• _Try it_
Once the pictures are set aside, print the records that follow exactly as written.

Segment Start: Given information

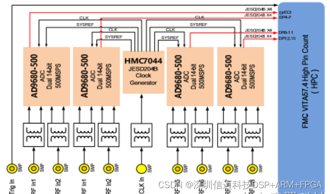 基于AD96808 FMC 模块,支持8 路14-bit、500MSPS/1GSPS/1.25GSPSADC 采集功能
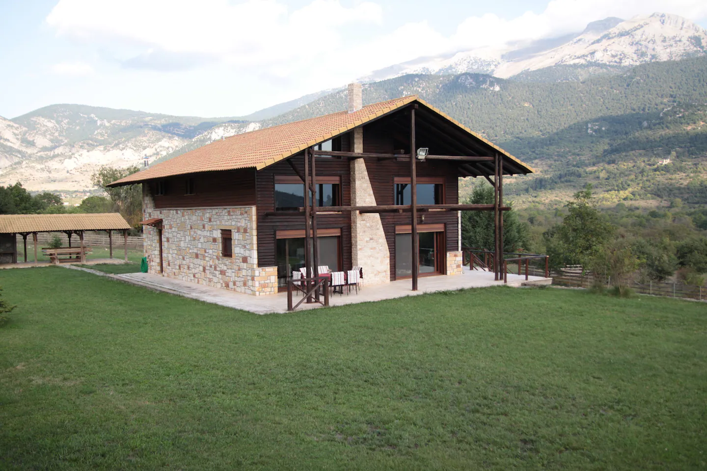 Στο ισόγειο υπάρχει ένα μεγάλο σαλόνι με εντυπωσιακές τζαμαρίες, μία πλήρως εξοπλισμένη κουζίνα για την προετοιμασία των γευμάτων σας, ένα υπνοδωμάτιο και ένα μπάνιο με μπανιέρα. Στον πρώτο όροφο θα βρείτε δύο κρεβατοκάμαρες με διπλά κρεβάτια, ένα υπνοδωμάτιο με διπλή κουκέτα και ένα μπάνιο με wet room. Το στυλ της κατοικίας παραπέμπει σε σαλέ των Άλπεων και θα γίνει ένα ονειρεμένο καταφύγιο για μία απόδραση με original oρεινό χαρακτήρα.
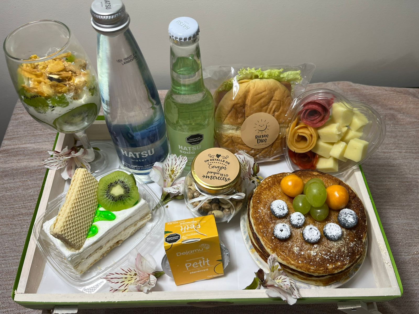 💛 Pancake con fruta arandanos, uvas, uchuvas y miel maple
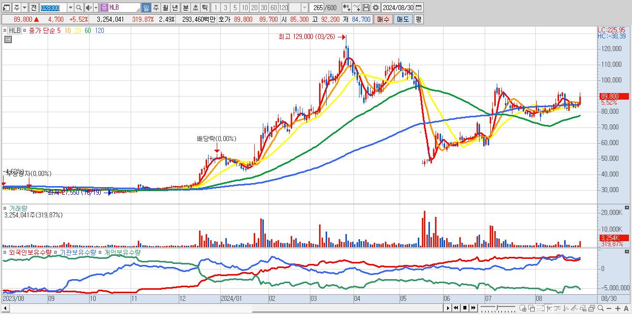- HLB (89,800원 ▲ 5.52% , 시총: 117,499억, 거래량: 3,254,041, 거래대금:2,935억)
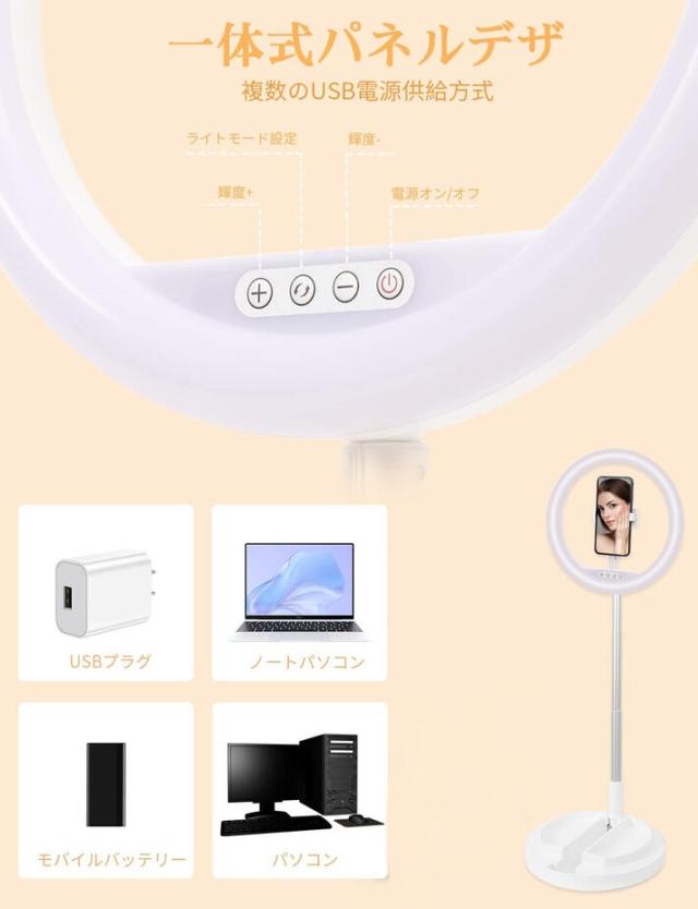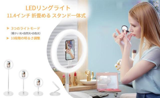 LEDリングライト 折畳み式 スタンド一体式 11インチ 組立て簡単 収納省スペース 携帯便利 led 自撮りライト USBライト 撮影用 照明 高輝度2900k-6000k 三色モード 10段調光
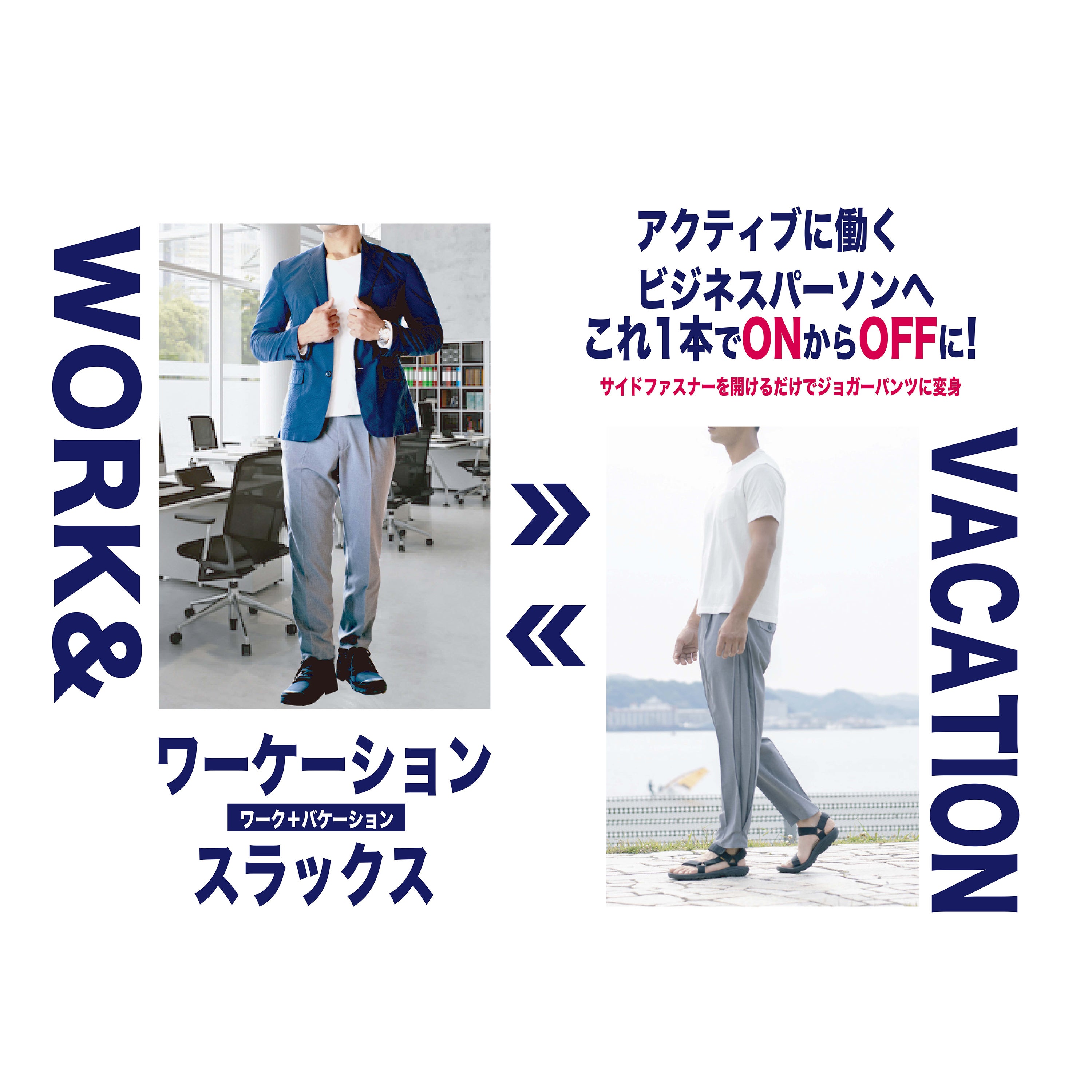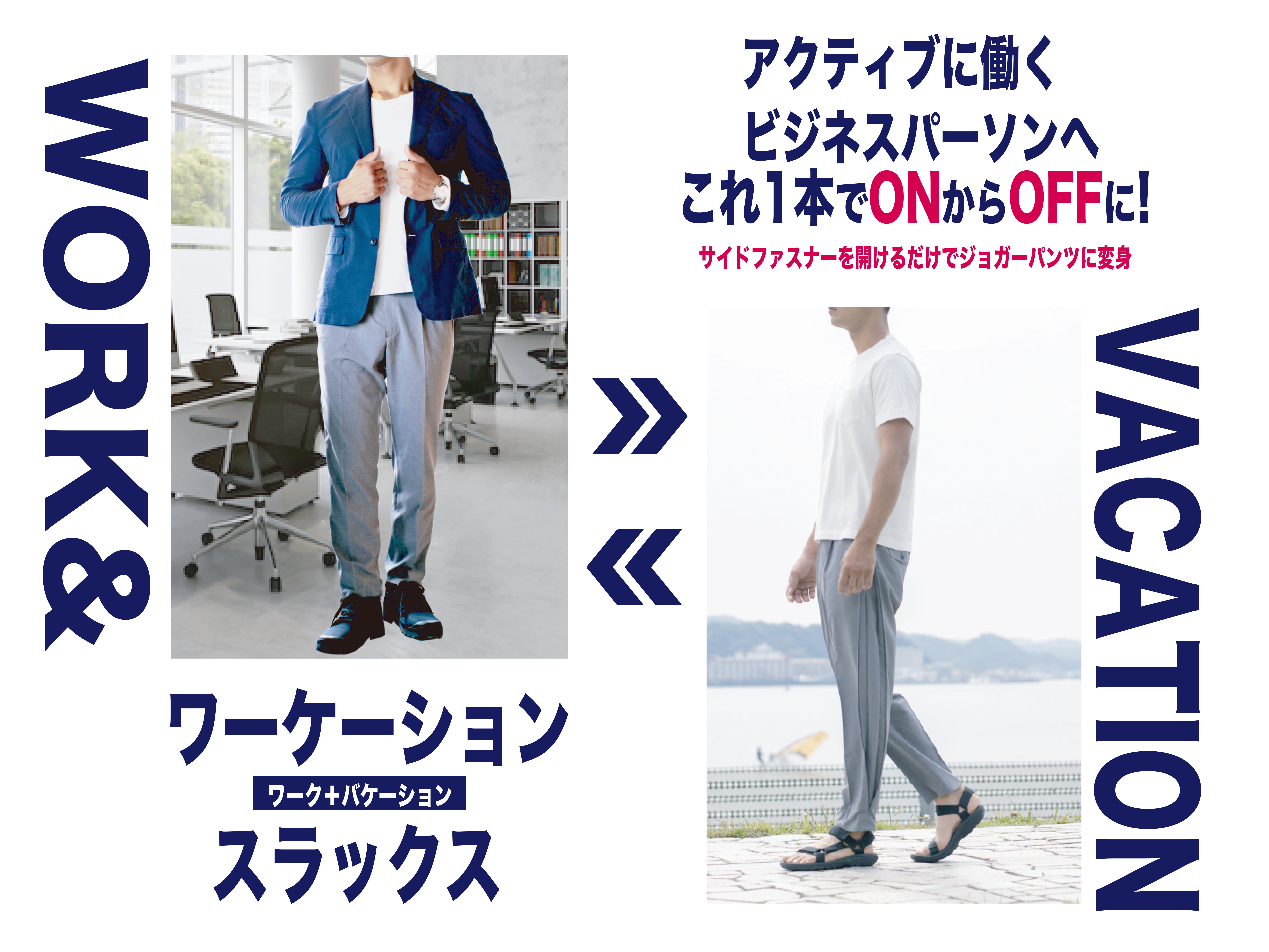 ▼3つのポイント・サイドファスナー開けるだけ!1本でONとOFF2つのシーンに対応したワーケーションパンツ決定版
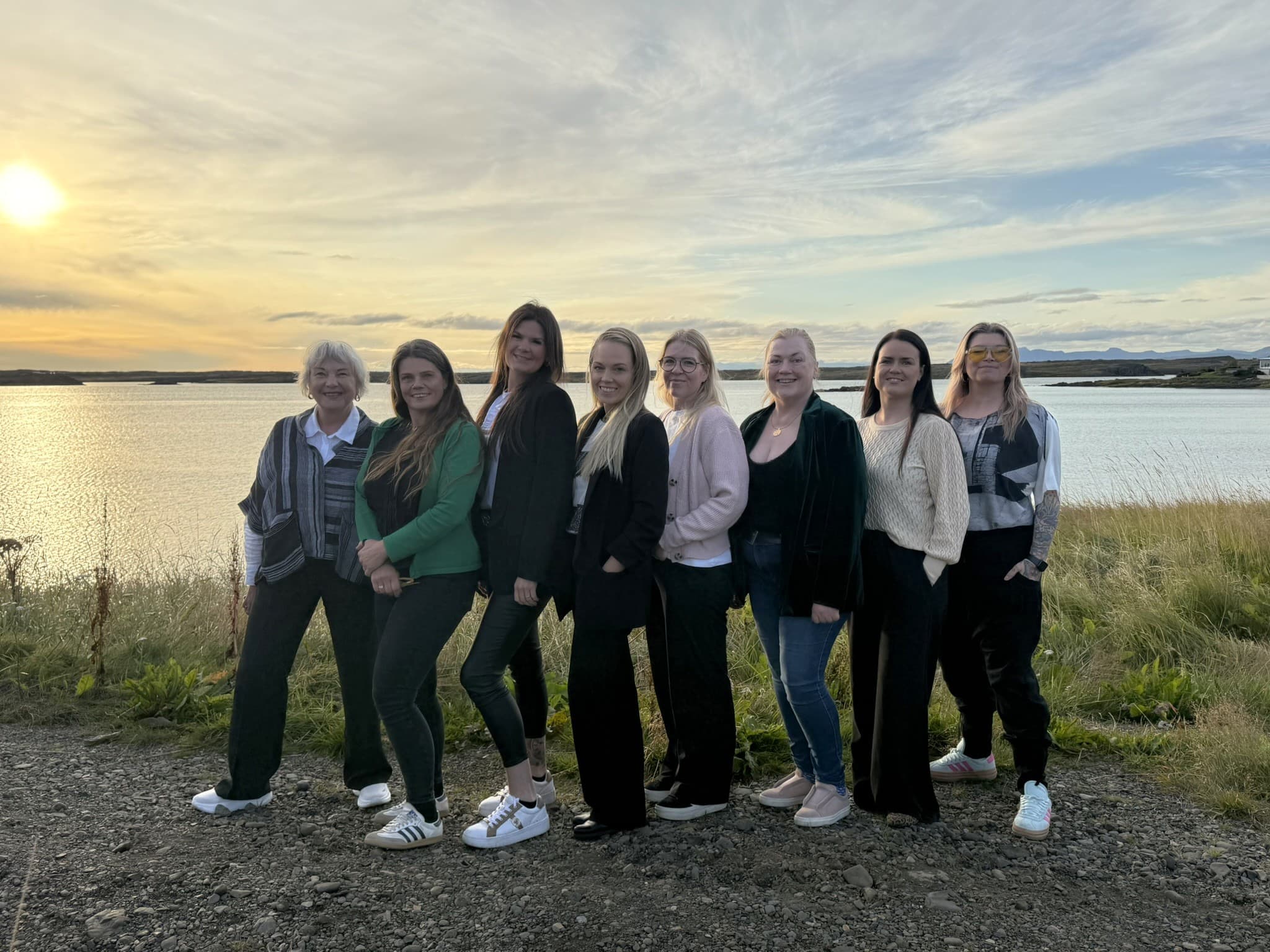 Af aðafundi FKA 2025. Sigríður Margrét Guðmundsdóttir félagskona, Eyrún ritari, Valdís formaður, Halldóra fráfarandi stjórnarkona, Sólveig Hallsteinsdóttir félagskona, Margrét Birna Kolbrúnardóttir félagskona, Alexandra Ýr fyrrum formaður og Þórey Hafliðadóttir úr aðalstjórn FKA sem mætti ásamt Andreu Róbertsdóttur framkvæmdastjóra FKA. Steinunn og Gyða gátu ekki mætt á aðalfundinn. Ljósm. Andrea Róbertsdóttir.
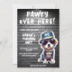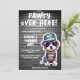 Invitation de fête de premier anniversaire du cool. Design propose un chiot hip hop portant un casquette instantané bleu, un sweat - shirt à capuche, des lunettes de soleil d'aviateur et une chaîne d'or. Arrière - plan de mur en brique gris foncé. Design urbain. Super pour les petits garçons d'un an.
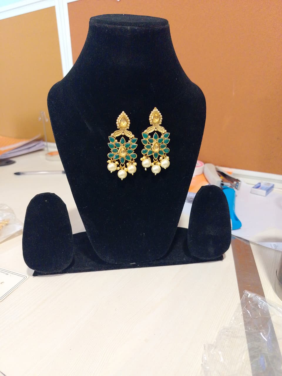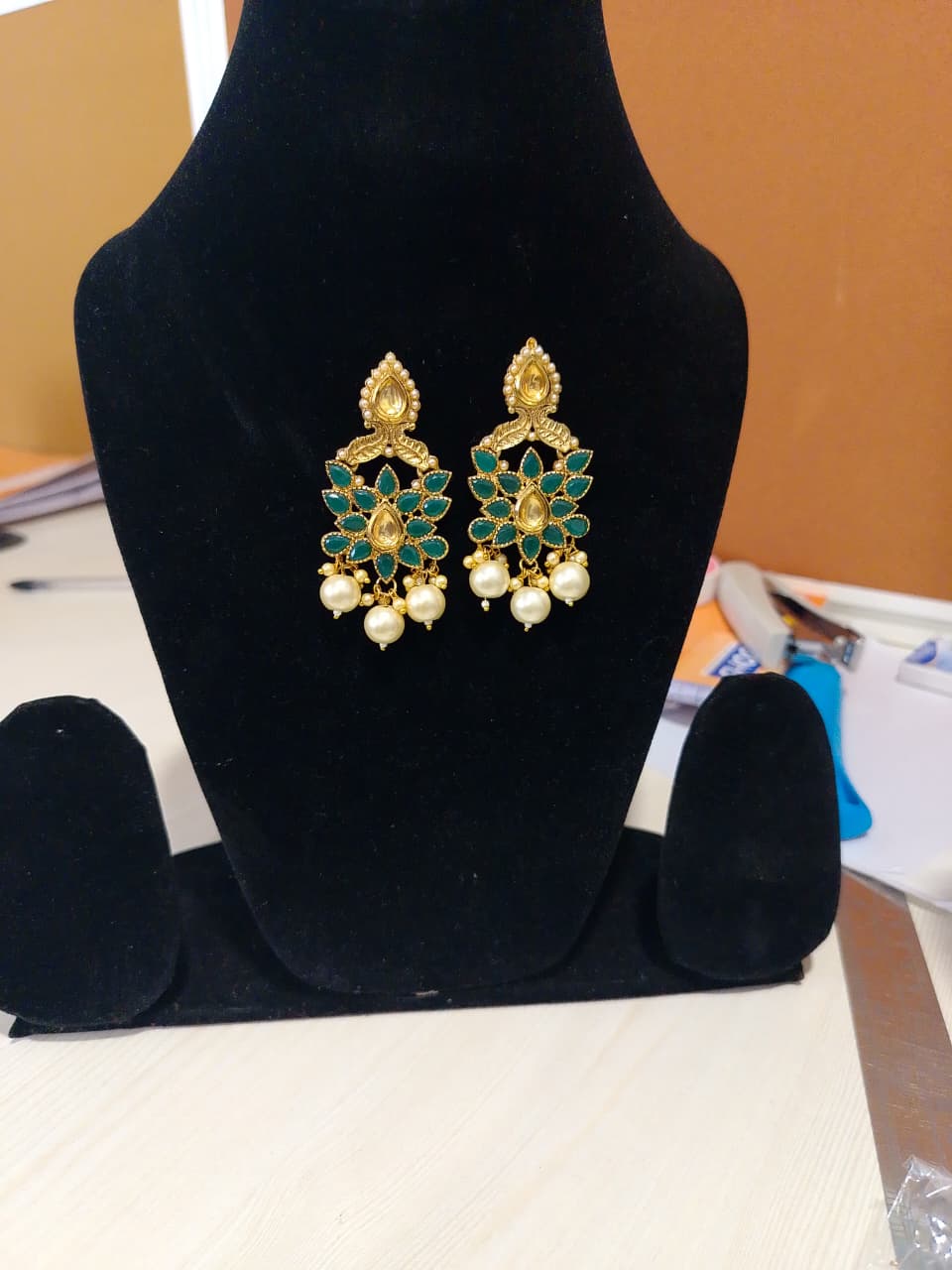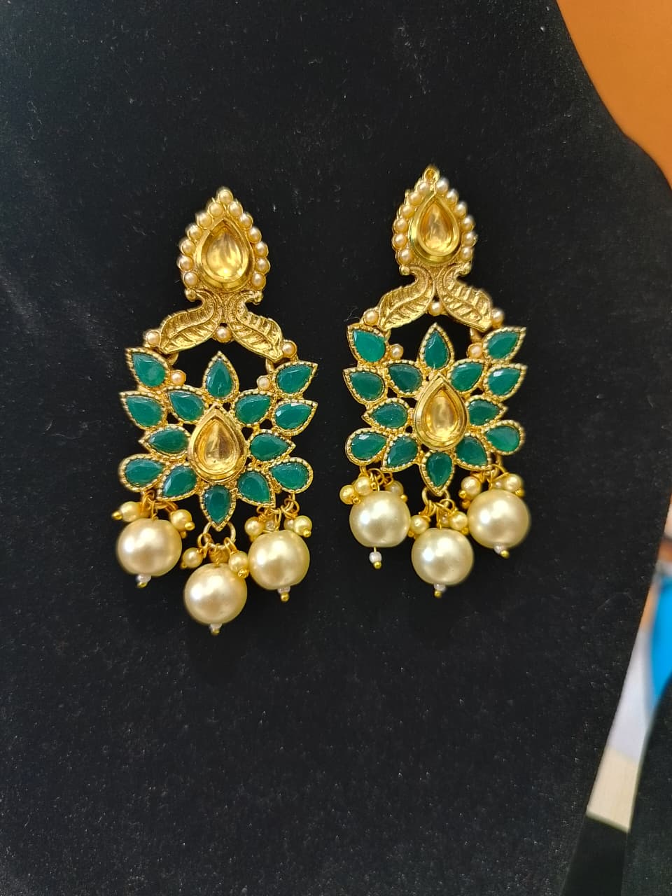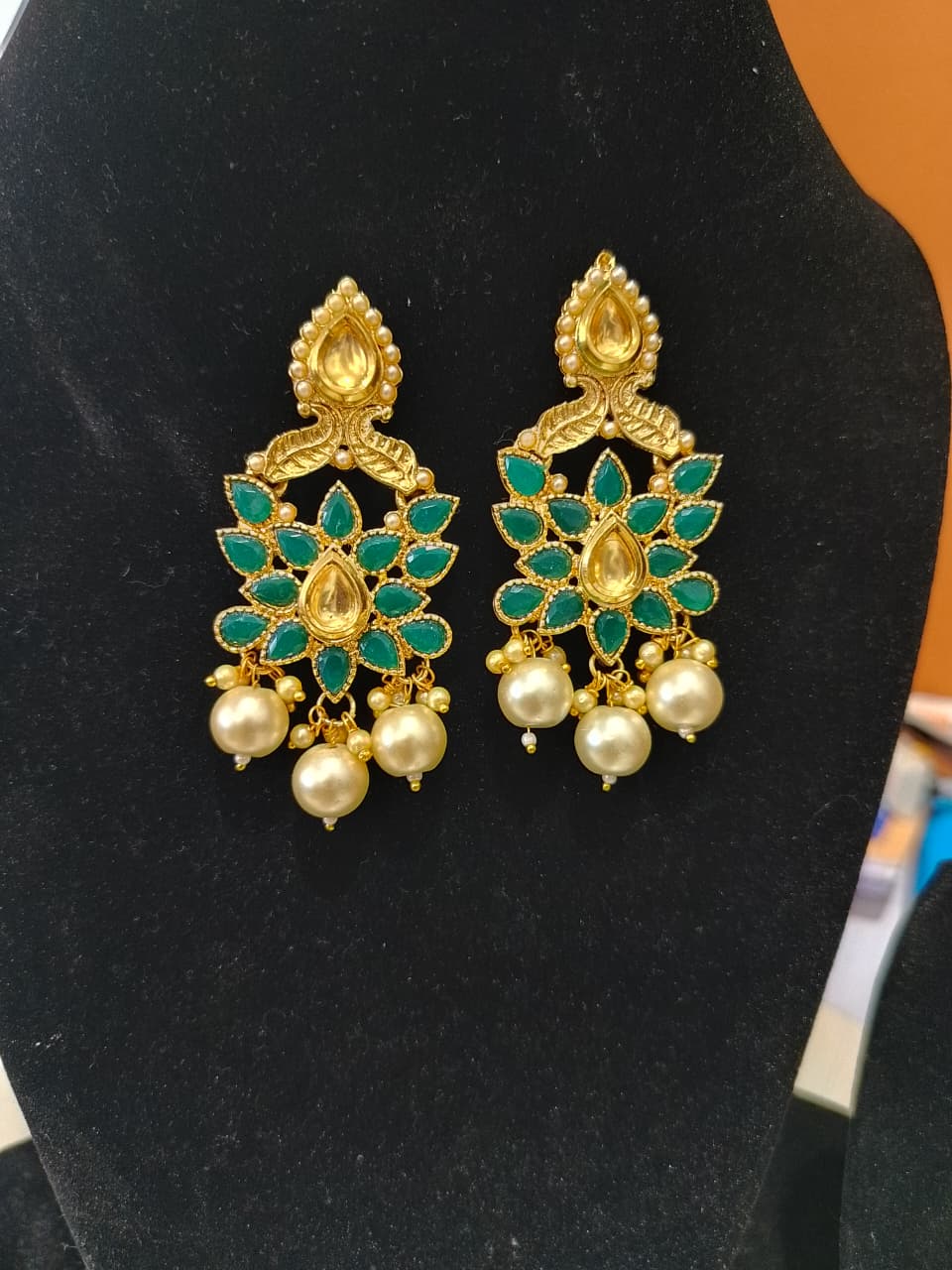 Add a touch of luxury to your ensemble with these exquisite Moissanite Polki Earrings adorned with vibrant green stones. Set in a refined gold-plated base, the earrings feature dazzling moissanite polki that mimic the brilliance of real diamonds, enhanced by the rich contrast of deep green accents. The intricate craftsmanship and elegant design make them a perfect choice for weddings, festive occasions, or evening soirees. Lightweight yet eye-catching, these earrings offer timeless appeal with a modern twist. Whether paired with traditional attire or contemporary outfits, this set is a radiant statement piece that reflects grace, style, and fine artistry.

Segment End: Given information

• _Response area_
 基于AD96808 FMC 模块,支持8 路14-bit、500MSPS/1GSPS/1.25GSPSADC 采集功能
 Στο ισόγειο υπάρχει ένα μεγάλο σαλόνι με εντυπωσιακές τζαμαρίες, μία πλήρως εξοπλισμένη κουζίνα για την προετοιμασία των γευμάτων σας, ένα υπνοδωμάτιο και ένα μπάνιο με μπανιέρα. Στον πρώτο όροφο θα βρείτε δύο κρεβατοκάμαρες με διπλά κρεβάτια, ένα υπνοδωμάτιο με διπλή κουκέτα και ένα μπάνιο με wet room. Το στυλ της κατοικίας παραπέμπει σε σαλέ των Άλπεων και θα γίνει ένα ονειρεμένο καταφύγιο για μία απόδραση με original oρεινό χαρακτήρα.
 💛 Pancake con fruta arandanos, uvas, uchuvas y miel maple
- HLB (89,800원 ▲ 5.52% , 시총: 117,499억, 거래량: 3,254,041, 거래대금:2,935억)
 LEDリングライト 折畳み式 スタンド一体式 11インチ 組立て簡単 収納省スペース 携帯便利 led 自撮りライト USBライト 撮影用 照明 高輝度2900k-6000k 三色モード 10段調光
 ▼3つのポイント・サイドファスナー開けるだけ!1本でONとOFF2つのシーンに対応したワーケーションパンツ決定版
 Af aðafundi FKA 2025. Sigríður Margrét Guðmundsdóttir félagskona, Eyrún ritari, Valdís formaður, Halldóra fráfarandi stjórnarkona, Sólveig Hallsteinsdóttir félagskona, Margrét Birna Kolbrúnardóttir félagskona, Alexandra Ýr fyrrum formaður og Þórey Hafliðadóttir úr aðalstjórn FKA sem mætti ásamt Andreu Róbertsdóttur framkvæmdastjóra FKA. Steinunn og Gyða gátu ekki mætt á aðalfundinn. Ljósm. Andrea Róbertsdóttir.
 Invitation de fête de premier anniversaire du cool. Design propose un chiot hip hop portant un casquette instantané bleu, un sweat - shirt à capuche, des lunettes de soleil d'aviateur et une chaîne d'or. Arrière - plan de mur en brique gris foncé. Design urbain. Super pour les petits garçons d'un an.
 Add a touch of luxury to your ensemble with these exquisite Moissanite Polki Earrings adorned with vibrant green stones. Set in a refined gold-plated base, the earrings feature dazzling moissanite polki that mimic the brilliance of real diamonds, enhanced by the rich contrast of deep green accents. The intricate craftsmanship and elegant design make them a perfect choice for weddings, festive occasions, or evening soirees. Lightweight yet eye-catching, these earrings offer timeless appeal with a modern twist. Whether paired with traditional attire or contemporary outfits, this set is a radiant statement piece that reflects grace, style, and fine artistry.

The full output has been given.